Boost your product/service offerings. The products and services you offer are the core of your business. “Think about what you can do to squeeze out another product or service offering with what you already have in place,” suggests McBean. “For example, if you own an auto parts store, there is no law saying you can’t sell fast moving or maintenance parts for the marine industry, especially if you’re located on a lake resort. People need what they need, when they need it. Make it easy for your customers to get what they want. And don’t ignore the power of impulse purchases or convenience items, even if they are not matched up with your core products. Always be looking to make new and better offerings to your customers. Doing so provides added value for your customer and for you. A true win-win.”
Revamp your marketing campaign. Think about who your customers are. Are you marketing to them in a way that makes sense? For example, if your customers are mostly elderly, email marketing might not be the best way to reach them. Or if they’re younger, advertising on a classical music station might not make sense. Would the money you’re pouring into ad placement be better spent on direct mail? Does a huge social media campaign really make sense for your company, or are you tweeting fruitlessly into cyberspace just because everyone else is doing it?
Find new ways to impress loyal customers. In business, few things are as important as your customer base. That’s why it’s essential that you find ways to protect yours by developing very loyal customers. Of course, the first step is offering great products and services and delivering those products and services via a very helpful, engaged staff.
Get knowledgeable about economic/tax changes and how they’ll affect you. The slow-to-recover economy and the fiscal cliff debacle have taught us the importance of staying one step ahead when it comes to the economy and how it’s going to affect your business. “Be proactive and seek out a trusted financial advisor,” says McBean. “Ask him or her what upcoming tax changes will mean for your business. He or she will be able to point you in the right direction and uncover ways to save when it comes time to file your taxes. Or, ask your banker about your overall market, which industries are showing strength, and which are struggling. This can give you a look into the future on what products may have increased demand and which ones may lag.”

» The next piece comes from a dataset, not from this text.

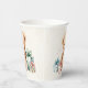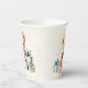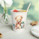 Paper cups with a cute illustration featuring a Victorian style teddy bear. Wearing a fancy red bow. Drawn in a a cute old fashioned vintage style. Red and blue pastel Christmas presents surround this warm-hearted bear.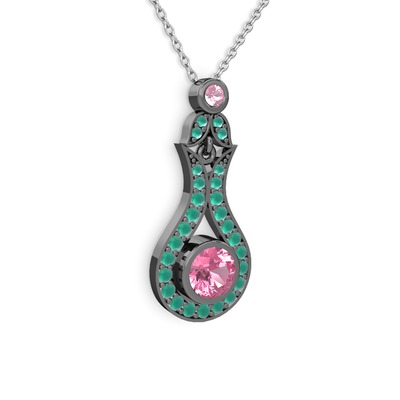 Pembe kuvars ve kök zümrüt 925 ayar siyah rodyum kaplama gümüş kolye (40 cm beyaz altın rolo zincir)

“There’s no reason 2013 can’t be the best year yet for your business. But in order for that to happen, you have to look ahead. You have to think about where you need to improve this year and what challenges might pop up to slow your progress. By taking the time right now to plan for the year ahead, you’re making big opportunities possible for your business.”
Bill McBean is the author of The Facts of Business Life: What Every Successful Business Owner Knows That You Don’t A graduate of the University of Saskatchewan in Saskatoon, and Mount Royal College in Calgary, Alberta, Bill began his career with General Motors of Canada Limited in 1976. After holding several management positions with GM, in 1981 he accepted a position with the Bank of Nova Scotia (ScotiaBank) as manager of a sizeable commercial lending portfolio. Two years later, however, GM approached him about opening a new automobile dealership in Yorkton, Saskatchewan, and, along with ScotiaBank, offered to lend him the required capital. Accepting the offer, Bill began his first business as a “start-up” the following year, beginning with ten employees.